The biggest downside price risk to the firm’s 12-month forecast is weaker liquefied natural gas exports, which would allow for a faster injection pace this summer than assumed in its base-case balances.

“We see the global gas market moving into a period of oversupply, and with the United States playing the role of marginal supplier, there is risk for reduced utilization of U.S. export facilities,” Dougherty said.

The firm assumes an average 90% utilization of LNG export facilities through 2020. If utilization falls to average even 75%, it would expect 2H19 prices to average about 10 cents lower, but it would expect 2020 prices to average closer to current 2Q2019-4Q2020 market expectation, at $2.65. “We see a 30% chance that U.S. export utilization averages lower than our assumption,” Dougherty said.

Permian Prices Sink Further

While market hubs across the country ended the week in the red, the pricing picture was even more bleak in the Permian Basin, where prompt-month contracts fell further below the $1 threshold, according to Forward Look.

Waha April prices fell 9 cents from March 7-13 to reach just 67 cents, while May slipped a penny to 88 cents and the summer strip dropped 9 cents to $1.19. Unlike cash prices, which have seen a substantial bounce this week, forward prices remain far back of Henry Hub, coming in more than $2 below the benchmark for April, $1.95 below for May and nearly 60 cents below for the summer.

El Paso Permian forward prices were slightly stronger than Waha during the March 7-13 period, but also remained well below Henry Hub.

In contrast, West Texas cash prices continued to strengthen Wednesday, building on a run of day/day gains that has seen the constrained producing region close the gap on Henry Hub this week. Waha gained 41.5 cents to average $1.670. Since Friday, when Waha traded $2.175 back of Henry Hub, basis at the West Texas trading point has improved by around $1 to average minus $1.140 Wednesday, NGI data show.
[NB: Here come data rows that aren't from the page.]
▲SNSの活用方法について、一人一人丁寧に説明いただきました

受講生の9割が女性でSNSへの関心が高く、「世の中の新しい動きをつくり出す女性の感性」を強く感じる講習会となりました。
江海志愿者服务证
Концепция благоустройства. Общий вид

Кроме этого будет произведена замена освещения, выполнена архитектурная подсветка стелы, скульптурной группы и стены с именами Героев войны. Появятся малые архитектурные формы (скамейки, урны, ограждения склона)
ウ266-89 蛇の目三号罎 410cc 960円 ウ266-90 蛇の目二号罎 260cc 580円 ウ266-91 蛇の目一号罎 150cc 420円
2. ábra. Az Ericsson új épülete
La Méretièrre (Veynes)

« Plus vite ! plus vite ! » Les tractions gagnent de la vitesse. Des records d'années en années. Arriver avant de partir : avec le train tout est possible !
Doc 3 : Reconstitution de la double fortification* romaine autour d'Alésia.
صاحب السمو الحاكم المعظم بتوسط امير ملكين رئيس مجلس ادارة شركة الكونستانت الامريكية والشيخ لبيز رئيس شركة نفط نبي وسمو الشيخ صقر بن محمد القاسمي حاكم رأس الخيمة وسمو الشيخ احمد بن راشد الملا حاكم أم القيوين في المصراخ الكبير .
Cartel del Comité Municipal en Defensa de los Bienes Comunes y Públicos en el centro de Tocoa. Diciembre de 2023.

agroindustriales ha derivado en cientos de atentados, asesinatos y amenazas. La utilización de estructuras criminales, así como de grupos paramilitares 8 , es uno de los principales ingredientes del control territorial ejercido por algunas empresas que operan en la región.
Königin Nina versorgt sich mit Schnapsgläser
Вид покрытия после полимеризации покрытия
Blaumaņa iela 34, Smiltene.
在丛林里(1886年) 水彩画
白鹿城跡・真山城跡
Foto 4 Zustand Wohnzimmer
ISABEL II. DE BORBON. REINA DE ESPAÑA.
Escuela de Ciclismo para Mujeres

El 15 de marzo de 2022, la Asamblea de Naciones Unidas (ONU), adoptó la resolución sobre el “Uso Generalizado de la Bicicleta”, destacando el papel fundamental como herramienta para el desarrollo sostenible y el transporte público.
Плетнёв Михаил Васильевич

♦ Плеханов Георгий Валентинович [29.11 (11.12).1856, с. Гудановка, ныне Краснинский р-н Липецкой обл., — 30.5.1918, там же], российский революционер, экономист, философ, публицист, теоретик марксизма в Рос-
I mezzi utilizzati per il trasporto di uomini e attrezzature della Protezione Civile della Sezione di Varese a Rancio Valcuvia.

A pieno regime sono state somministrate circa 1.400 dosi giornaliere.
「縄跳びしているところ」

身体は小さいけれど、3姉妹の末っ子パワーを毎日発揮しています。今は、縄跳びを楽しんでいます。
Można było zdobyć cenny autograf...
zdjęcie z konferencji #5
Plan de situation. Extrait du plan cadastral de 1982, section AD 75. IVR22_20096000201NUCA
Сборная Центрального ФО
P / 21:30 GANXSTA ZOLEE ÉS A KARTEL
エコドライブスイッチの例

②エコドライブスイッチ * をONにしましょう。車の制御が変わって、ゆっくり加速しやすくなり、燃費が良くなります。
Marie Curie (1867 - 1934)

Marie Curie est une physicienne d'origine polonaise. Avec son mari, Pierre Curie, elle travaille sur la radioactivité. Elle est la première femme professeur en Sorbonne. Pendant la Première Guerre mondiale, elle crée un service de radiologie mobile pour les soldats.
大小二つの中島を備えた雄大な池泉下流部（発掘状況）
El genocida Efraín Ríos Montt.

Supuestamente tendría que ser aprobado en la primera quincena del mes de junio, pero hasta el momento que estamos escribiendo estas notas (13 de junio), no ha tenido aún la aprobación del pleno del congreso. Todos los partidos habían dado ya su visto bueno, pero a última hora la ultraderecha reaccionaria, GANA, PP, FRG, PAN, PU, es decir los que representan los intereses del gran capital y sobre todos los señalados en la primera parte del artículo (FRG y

The weakness in the nearby months of the forward curve reflect the ongoing pipeline constraints in the Permian. While some new infrastructure is slated to come online in October, as evidenced in the stronger pricing in the back end of 2019, the majority of the constraints are not expected to be relieved until 2020.

Still, that’s not stopping robust production growth in the region, where gas is produced as a byproduct with drilling activity concentrated on oil. Just last week, ExxonMobil Corp., one of the most active drillers in the Permian, said it plans to boost production in the basin to more than 1 million boe/d by as early as 2024, an increase of nearly 80%.

Meanwhile, Evercore ISI reported that during February, Permian Basin permitting remained strong, with activity in West Texas and southeastern New Mexico collectively up 101 month/month to 804. Drilling activity, however, trended down across the basin in February, as horizontal rigs fell to 425, off nine month/month. Operators also dropped three nonhorizontal rigs to end at 43.

Elsewhere across the country, New England forward prices posted far more substantial losses than most other market hubs as a shift to more spring-like temperatures has taken place in the region. Algonquin Citygates April plunged 21 cents from March 7 to 13 to reach $3.184, while May dropped a more modest 6 cents to $2.714 and the summer fell a nickel to $2.95, according to Forward Look.

In the Rockies, Northwest Sumas continued to see substantial swings at the front of the curve in response to volatility in the cash market. Cash prices averaged $10 on Friday, fell to $3.47 by Tuesday and then bounced back to $4.265 by Wednesday. Still, that’s a far cry from the $200 level seen earlier this month.

On the forward curve, Northwest Sumas April tumbled 46 cents to $3.11, while May held steady at $2.535 and the summer held at $2.97, Forward Look shows.